● **Activity**
Nothing but the lines from the one containing "Цветные трубки из" through the end of the data below should appear in the answer, each exact and free of pictures.

● **Available data**
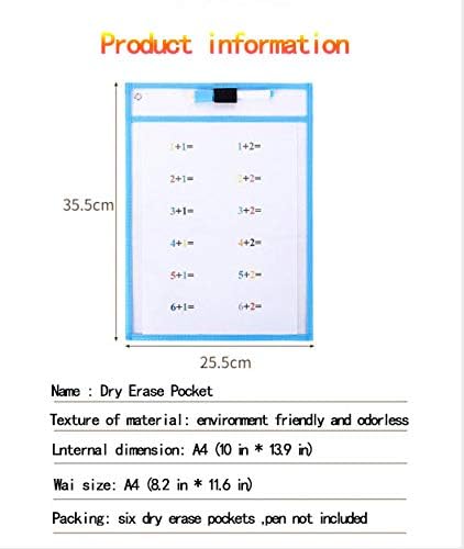 6 جيوب للمسح الجاف - أكمام للمسح الجاف كبيرة الحجم 10 × 13 بوصة - مستلزمات المعلم - للفصل الدراسي - قابلة لإعادة الاستخدام - جيوب للمسح الجاف - أكمام بألوان متنوعة 1
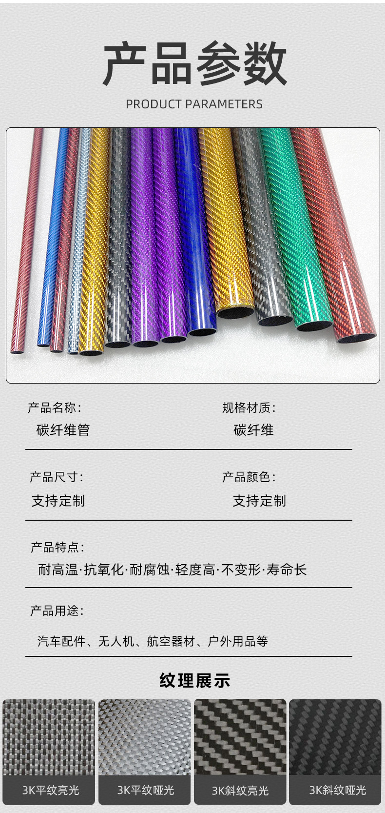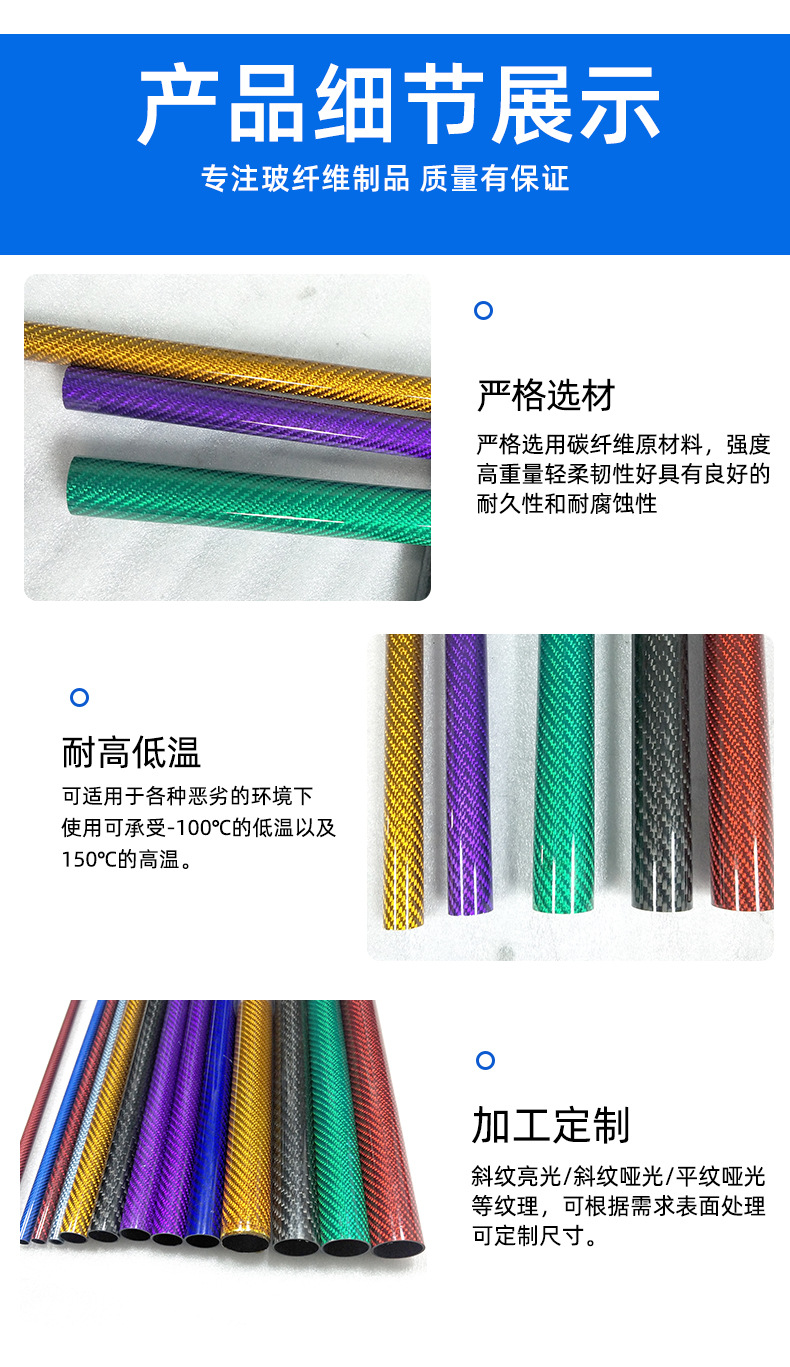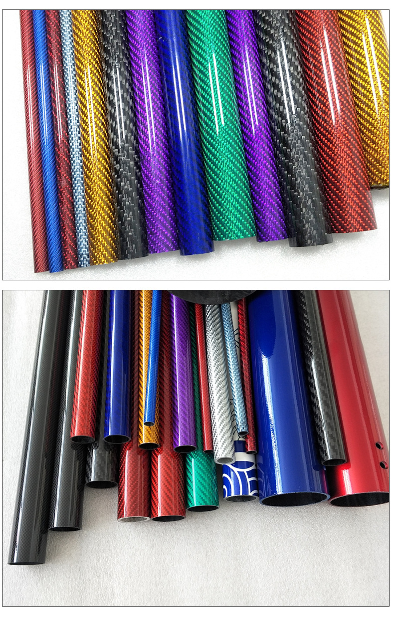 Цветные трубки из углеродного волокна 3K, твил, простое плетение, глянцевые и матовые, полностью углеродные, прозрачные красные, желтые, зеленые, синие, фиолетовые
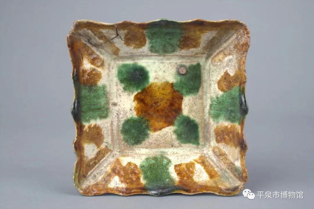 器物描述:盘方形,平底,侈口,曲边。盘内白釉为底,饰黄、绛色花纹。盘底及四角、盘壁中间和曲边沿饰凹弦纹。盘外壁挂釉至足以上,釉色浓艳,有光泽。胎粉红色,施粉白色化妆土。盘内心处有一支钉痕。
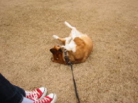 風が出てきて寒くなってきたので、もうそろそろ帰ろうか。最後に広場で少しアトムを遊ばせると、ここでもゴロゴロは欠かしません!(笑)

● **Task solution**
 Цветные трубки из углеродного волокна 3K, твил, простое плетение, глянцевые и матовые, полностью углеродные, прозрачные красные, желтые, зеленые, синие, фиолетовые
 器物描述:盘方形,平底,侈口,曲边。盘内白釉为底,饰黄、绛色花纹。盘底及四角、盘壁中间和曲边沿饰凹弦纹。盘外壁挂釉至足以上,釉色浓艳,有光泽。胎粉红色,施粉白色化妆土。盘内心处有一支钉痕。
 風が出てきて寒くなってきたので、もうそろそろ帰ろうか。最後に広場で少しアトムを遊ばせると、ここでもゴロゴロは欠かしません!(笑)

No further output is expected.